Por su parte, FAO - Bolivia inició en coordinación con el Gobierno Italiano, un proyecto apícola en la zona de Samaipata, al centro del país. Según el portal de noticias de FAO, “ha dado magníficos resultados, ya hay 90 apicultores en 18 comunidades, organizados en una asociación: ASACAPI, la Asociación de Apicultores de la Cuenca Alta del río Piraí” (http://www.fao.org/Noticias/2001/011206-s.htm). Por otro lado, CARE- BOLIVIA ha iniciado un proyecto apícola en Potosí, que a pesar de su altitud produce una miel a la que atribuyen extraordinarios poderes curativos y aplicaciones en la medicina tradicional. En la actualidad se sabe de varias iniciativas que han detectado el potencial apícola de Cochabamba.
Ecuador, por otro lado, en 1990, junto a la Cooperación Internacional de Voluntarios Británicos, ejecutó en convenio con FEPP (Fondo Ecuatoriano Populorum Progressio), el proyecto de desarrollo de grupos apícolas en la provincia del Chimborazo, donde se instaló una planta de procesamiento de miel y se consolidaron capacidades locales autosostibles, que se reflejan en sus actividades actuales. Así, se creó la Asociación Autónoma de Apicultores de Cacha, grupo que dinamiza la apicultura de la provincia del Chimborazo y nos brinda alentadores ejemplos. Una de sus dirigentes indígenas, Lourdes Manuelita Ramos Ticce, dicta de manera más o menos regular, charlas de apicultura básica a los alumnos de zootecnia y agronomía de la Universidad Agraria del Ecuador y otros centros de estudios, donde requieren experiencia de campo y conocimiento básico del desenvolvimiento de las colonias. El consultor que tuvo a su cargo el desarrollo del grupo de productores de Cacha en Machángara, fue el Ing. Javier Llaxacondor, apicultor peruano.
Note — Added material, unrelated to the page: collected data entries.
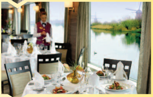
Upper: Each cabin features a river view Lower: MS Amadeus Silver restaurant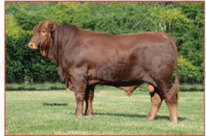
Only In America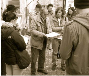
University Workshops, 2009-10

economy, allowing a rich offering of local establishments to thrive. Among these we envision “alberghi diffusi”, restaurants and cafes, food shops for local specialties, artisan shops, workshops for the building trades, but also activities connected to a broader global economy providing services and showcases for temporary and new residents (internet providers, graphic design and production, art galleries, electronics services). Regional transportation services would also be upgraded to serve a growing need for connections both between the region and the capital (improving service on Rome-Pescara lines) and amongst the towns in the region (creating an efficient, ecological local bus service).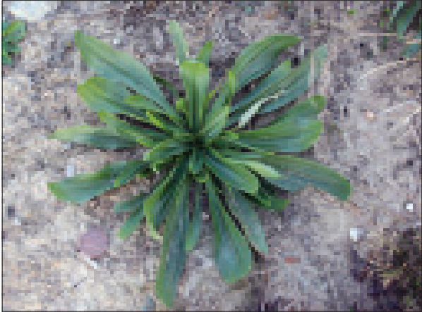
Buckhorn plantain rosette.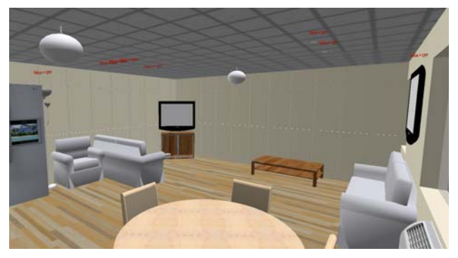
Figure 4. The Virtual iSpace Demonstration World

One of the key benefits of a virtual world is that it doesn't have to be limited by the constraints that naturally exist in a physical environment. This premise has recently been utilised in the demonstration of a virtual world that models our real iSpace [Fig. 4]. The mixed reality architecture was demonstrated to a group of potential end users in the iSpace, with the virtual components being displayed on large, wall-mounted, touch-screen displays.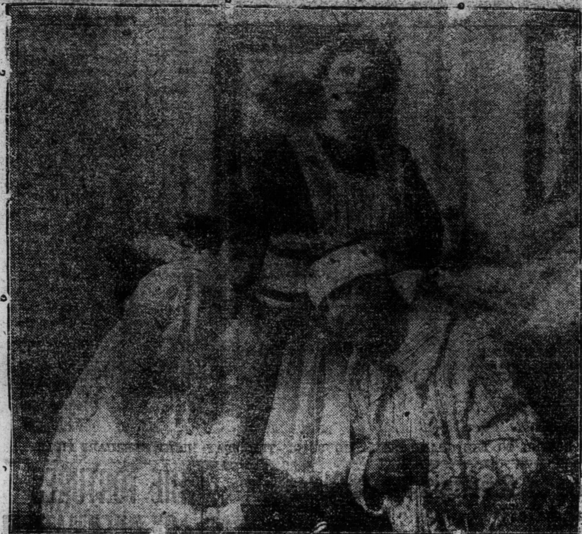
Scene from Avery Hopwood's farce that made the writer famous, "Fair and Warmer," at the Grand Opera House, Thursday night, Feb. 5th.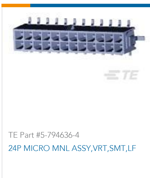
TE Part #5-794636-4 24P MICRO MNL ASSY,VRT,SMT,LF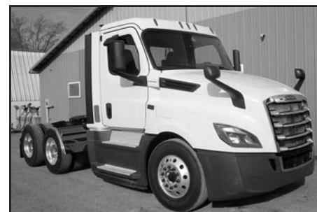
'19 FTL Cascadia, DD13, 450 hp, 12 spd. auto., 2.41 ratio, alum. whls., air ride, nice! . . . . . $46,900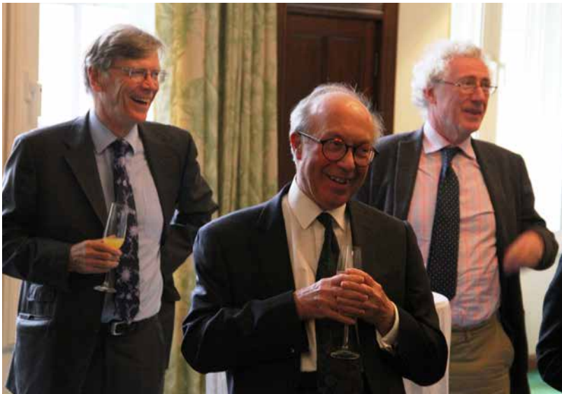
Lord Hope pictured with colleagues during a reception to mark his retirement

devolution, the changes to the House of Lords, the introduction of the Human Rights Convention into UK law, the development of EU law, and the formation of the Supreme Court. As the one member of the UK's top court during the lead up to and the implementation of all these changes, Lord Hope has had a profound influence on the development of the UK constitutional settlement into the twenty-first century." Lord Neuberger praised Lord Hope's "care, consideration and conscientiousness" across his many responsibilities, paying particular tribute to his service to the JCPC and in leading the former Law Lords' committee on the transition to the Supreme Court in 2009.

Ing. Javier Llaxacondor con sus alumnos en la Universidad Agraria del Ecuador - Milagro, 2004. *Foto: Guillermo Villaguente
A nivel del desarrollo comercial de los derivados de la colmena (miel, polen, jalea real, propóles, cera, etc.), es notorio el caso de las asociaciones de apicultores de Pichincha (Quito) y Tungurahua (Ambato), grupos conformados en ambos casos (en su mayoría) por profesionales afines al sector (agrónomos, zootecnistas, etc.) que a través de su formación académica y experiencia en otros países (viajaron a congresos, cursos internacionales, especializaciones, etc.) atienden sus mercados locales. En una experiencia personal reciente (2005), nos causó sorpresa encontrar la marca ecuatoriana “Honey Moon” en un mini-market en la ciudad de Tumbes, en Perú; lo que es un excelente indicador de que las fronteras se van estrechando. Asimismo, la Fundación Prepueblo, en la costa ecuatoriana, incorporó desde el 1996 en el marco de actividades de reforestación de la Cordillera del Chongón-Colonche, la apicultura. A la fecha se ha convertido en una línea principal de desarrollo en la organización, junto a la artesanía y la agricultura. La presencia de abejas africanizadas obligó a sus técnicos a adecuar sus técnicas de manejo y a seleccionar reinas con características de mansedumbre. Cada año, la producción de miel es abundante y las zonas de producción se encuentran en plena expansión. Es interesante también destacar la incorporación de técnicos apícolas mujeres, como la Ing. Gloria Iguíñez, quien debe su formación como apicultora a su perseverancia autodidáctica e interés por estudiar el comportamiento de los híbridos africanizados entre las provincias del Guayas, Marabí y Esmeraldas.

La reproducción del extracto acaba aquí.